You guys, I was so stupidly naive and "hopeful” when it came to my 2018 New Years resolutions. I thought I could waltz into 2018 and forget about everything that had happened 3-4 months before that. Y’all, what a big LOL and “jokes on you” moment for me. I legitimately thought that I could just “move on” from 2017 and be on with that. I may have not admitted this when my world came tumbling down head first — I’m very much glad it did. I was able to set my ego aside and ask for help; I found healthy ways to heal, I set out (first time ever) boundaries, and I allowed certain walls to come down. But if I’m being totally honest… I still very much have certain walls up but I no longer live in this world where my arms are fully extended out — constantly pushing people out. Look, I’m a work in progress — but I’m not alone in that, right?

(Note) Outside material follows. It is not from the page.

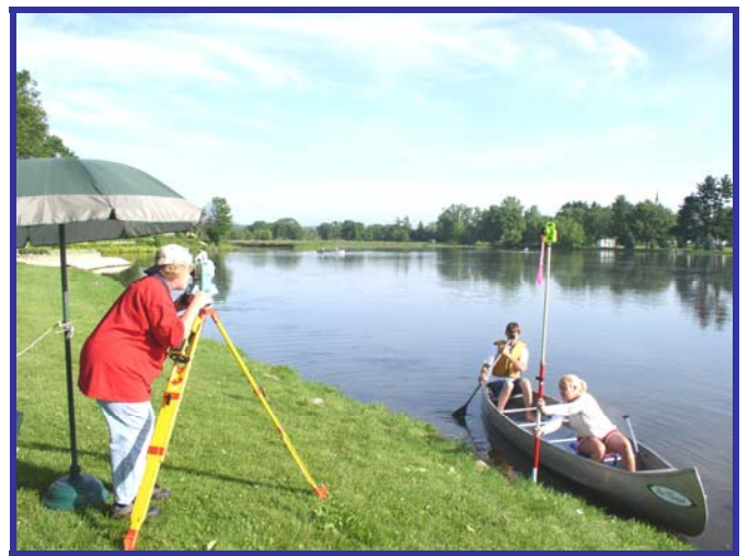
Technicians surveying the lake

The Bugle Lake restoration project continues to move forward. This past year funding was received to coordinate and facilitate a hydroelectric feasibility study to determine the value of the dam on Bugle. We were able to tie the gathering of the hydroelectric data into the lake project as well to provide a summer internship opportunity to a graduating college student. The City is also moving forward with completion of the dredging permit and will be working on the development of the actual dredge plan in 2008.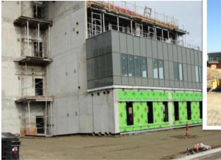
November 2011 South MH Curtain Wall

“Hurt people hurt people” — and, boy is that so true. I always heard that quote but I kind of just brushed it off and / or laughed it off — because even though I knew it was true… it was just easier for me to ignore. But, once I stopped ignoring that quote the more I realized how relevant those four words to my life and current situation. You see…I was so engulfed in my own pain, my own lack of boundaries, my own (not wanting to admit this at the time) not wanting to rock the boat or upset anyone, my own wanting to please people that I didn’t see (or maybe didn’t want to) the pain that I was in.

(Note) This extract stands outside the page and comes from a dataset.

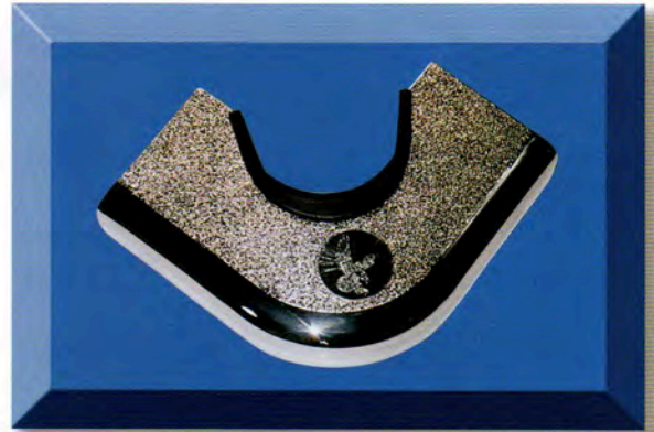
Stylish die cast reinforced, polished chrome-plated corners with Eagle logo, feature advanced screw in pocket liners for ease in replacement.

We all make mistakes, but we also make decisions. I made mistakes, but I also made decisions — and those decisions that I made not only hurt me along the way, but they also caused pain to others (and some of those people I really cared about).
You see, when I finally decided to sit with my decisions and mistakes and lies and pain — I drowned. I was no longer just keeping my head above water or “almost” drowning — I drowned. Having to accept such a dark side was… hard. Finding ways to forgive was (and still is) really challenging.
How do you forgive yourself for the actions that caused others pain? How do you forgive yourself for the words that caused others pain? How do you forgive yourself for sharing information that was given to you in safe place? How? How do you forgive yourself for the pain you caused yourself?
How do you forgive yourself?
It took time — in fact, it took several months, and it is still something I am still working on. Even though I am far from where I once was… I’m still healing, I’m still learning how to forgive, I’m still growing. I still beat myself up over words, gossip, and lies — but, I know I need to forgive myself and not allow that root to destroy me.
Growth. Healing. Forgiveness.
Those three words were my power words for 2018, and I am so glad that I was able to experience all the things I needed to experience. This time last year I was a complete wreck and I was literally holding on by a hope and prayer. This time last year I really hated myself. This time last year I was heartbroken by a word that someone chose to describe me with. This time last year sucked. But, I’m glad I finally allowed myself to feel and sift and sit in my truth.
I’m really freaking glad that I did.
Being uncomfortable sucks (duh) — but that is the only way you’re able to grow from your mistakes and / or decisions. So even though there were so many times I wanted to give up or throw in the towel — I’m glad I had the courage and strength to pick myself up from the ground. I’m thankful for my husband who fought for me when I needed someone to fight for me. I’m thankful for my boys who knew I needed extra loving. I’m thankful for my new and old friends who never gave up on me and loved me even through my ugly side.
I don’t know what 2019 has in store for me and it may or may not be the greatest year but I’m going to continue to grow, heal, forgive, and shine. I’m going to continue to learn, laugh, love, and dance every chance I get. I have a lot of really exciting projects and things to look forward to in 2019.
So, peace out 2018 — you had so many moments of truth and love and I’m forever grateful for you but I'm not one bit sad to see you go.